Requirement
Transcribe the entries below exactly, starting with the line that has "ลดเพิ่ม 30%🔥 Veet" and stopping after the line that has "た丘と水辺があって、とても心地よいです。 アヤメやハルジオンが見頃です。 |"; no pictures belong in the copy.

[Data records]
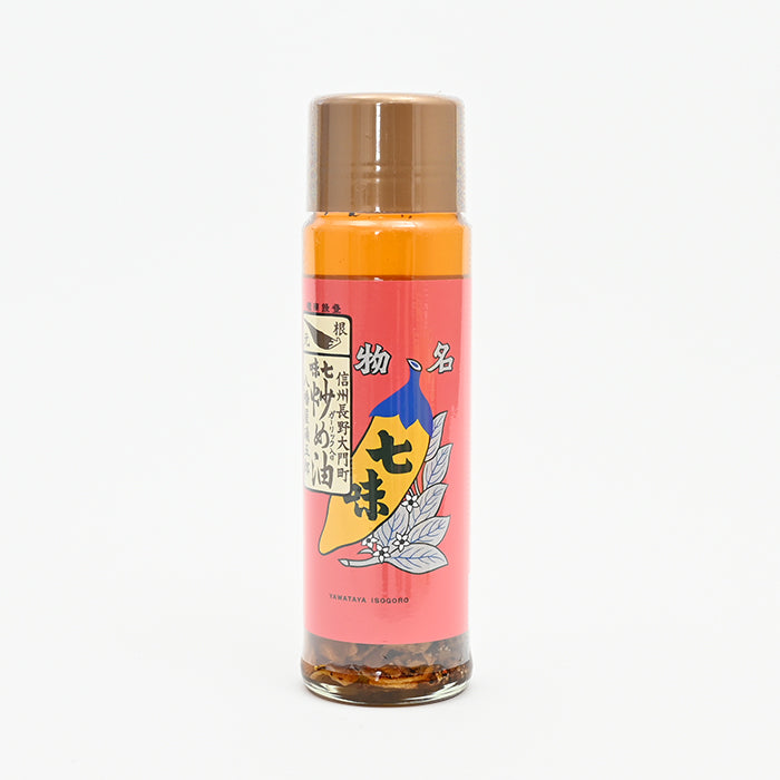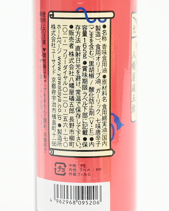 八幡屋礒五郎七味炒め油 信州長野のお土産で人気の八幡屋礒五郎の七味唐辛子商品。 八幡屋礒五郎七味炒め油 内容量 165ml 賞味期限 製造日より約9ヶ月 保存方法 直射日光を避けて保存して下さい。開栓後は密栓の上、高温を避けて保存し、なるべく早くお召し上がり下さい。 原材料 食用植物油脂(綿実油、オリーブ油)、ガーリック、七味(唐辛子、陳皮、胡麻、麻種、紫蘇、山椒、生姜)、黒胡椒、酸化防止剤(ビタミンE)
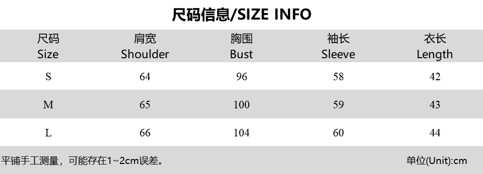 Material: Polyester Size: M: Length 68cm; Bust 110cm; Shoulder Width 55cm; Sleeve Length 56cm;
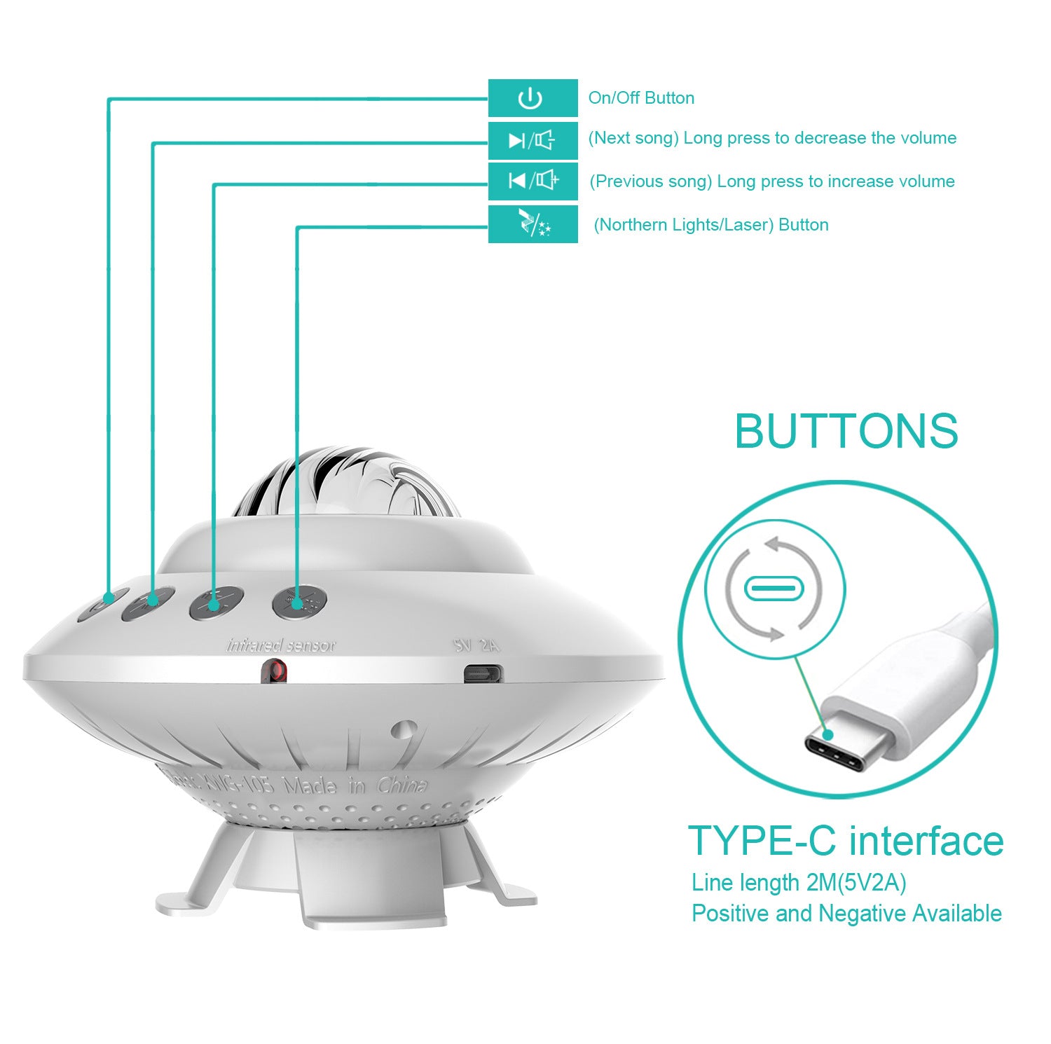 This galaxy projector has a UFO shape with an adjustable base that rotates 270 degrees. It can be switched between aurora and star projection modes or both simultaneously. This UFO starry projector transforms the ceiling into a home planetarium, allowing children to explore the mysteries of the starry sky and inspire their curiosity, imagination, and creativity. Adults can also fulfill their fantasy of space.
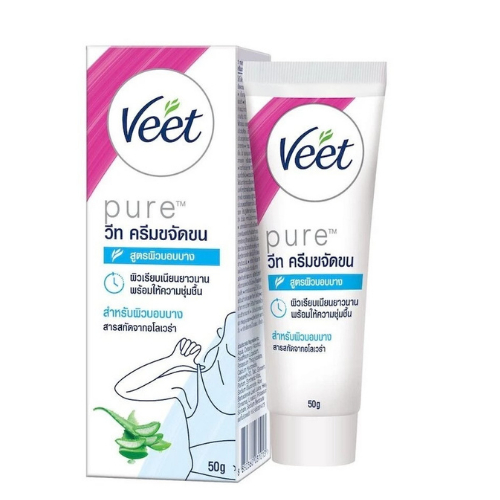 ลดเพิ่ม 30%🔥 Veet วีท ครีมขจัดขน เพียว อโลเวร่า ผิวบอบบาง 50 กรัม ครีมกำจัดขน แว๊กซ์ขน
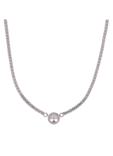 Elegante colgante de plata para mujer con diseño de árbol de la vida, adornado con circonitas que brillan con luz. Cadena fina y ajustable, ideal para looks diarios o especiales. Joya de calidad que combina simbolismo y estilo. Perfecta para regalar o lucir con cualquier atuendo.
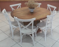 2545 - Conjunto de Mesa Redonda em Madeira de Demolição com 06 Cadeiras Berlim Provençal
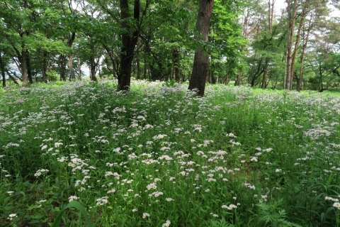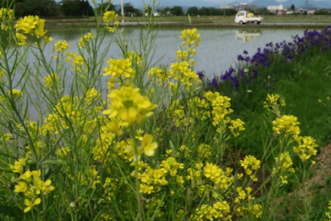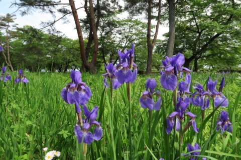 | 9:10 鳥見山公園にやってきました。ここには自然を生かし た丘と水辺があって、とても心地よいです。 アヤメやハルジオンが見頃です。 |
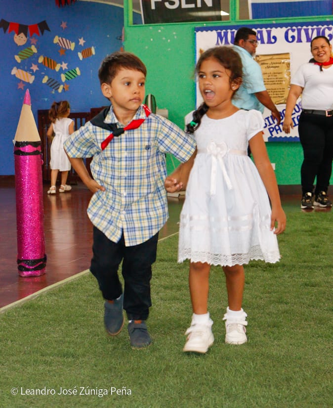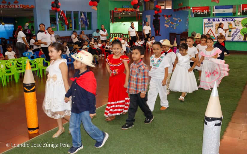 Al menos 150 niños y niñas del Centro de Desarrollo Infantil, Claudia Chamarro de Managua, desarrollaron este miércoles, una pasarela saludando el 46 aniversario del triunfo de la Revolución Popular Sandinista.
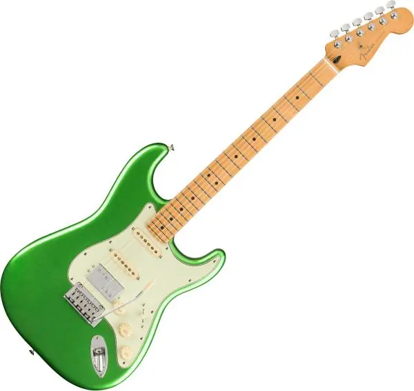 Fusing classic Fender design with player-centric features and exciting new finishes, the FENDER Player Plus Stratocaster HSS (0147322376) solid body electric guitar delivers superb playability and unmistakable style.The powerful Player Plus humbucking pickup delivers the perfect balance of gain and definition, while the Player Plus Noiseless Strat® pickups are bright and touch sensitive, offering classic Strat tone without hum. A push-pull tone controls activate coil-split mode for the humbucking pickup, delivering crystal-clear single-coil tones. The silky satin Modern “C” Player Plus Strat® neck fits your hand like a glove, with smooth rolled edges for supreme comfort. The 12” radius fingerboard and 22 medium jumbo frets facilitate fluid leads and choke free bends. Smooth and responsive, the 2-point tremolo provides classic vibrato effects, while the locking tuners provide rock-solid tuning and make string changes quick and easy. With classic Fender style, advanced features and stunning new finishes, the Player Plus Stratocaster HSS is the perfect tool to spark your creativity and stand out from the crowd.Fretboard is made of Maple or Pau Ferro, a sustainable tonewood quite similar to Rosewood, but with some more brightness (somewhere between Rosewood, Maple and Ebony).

Task response
 ลดเพิ่ม 30%🔥 Veet วีท ครีมขจัดขน เพียว อโลเวร่า ผิวบอบบาง 50 กรัม ครีมกำจัดขน แว๊กซ์ขน
 Elegante colgante de plata para mujer con diseño de árbol de la vida, adornado con circonitas que brillan con luz. Cadena fina y ajustable, ideal para looks diarios o especiales. Joya de calidad que combina simbolismo y estilo. Perfecta para regalar o lucir con cualquier atuendo.
 2545 - Conjunto de Mesa Redonda em Madeira de Demolição com 06 Cadeiras Berlim Provençal
 | 9:10 鳥見山公園にやってきました。ここには自然を生かし た丘と水辺があって、とても心地よいです。 アヤメやハルジオンが見頃です。 |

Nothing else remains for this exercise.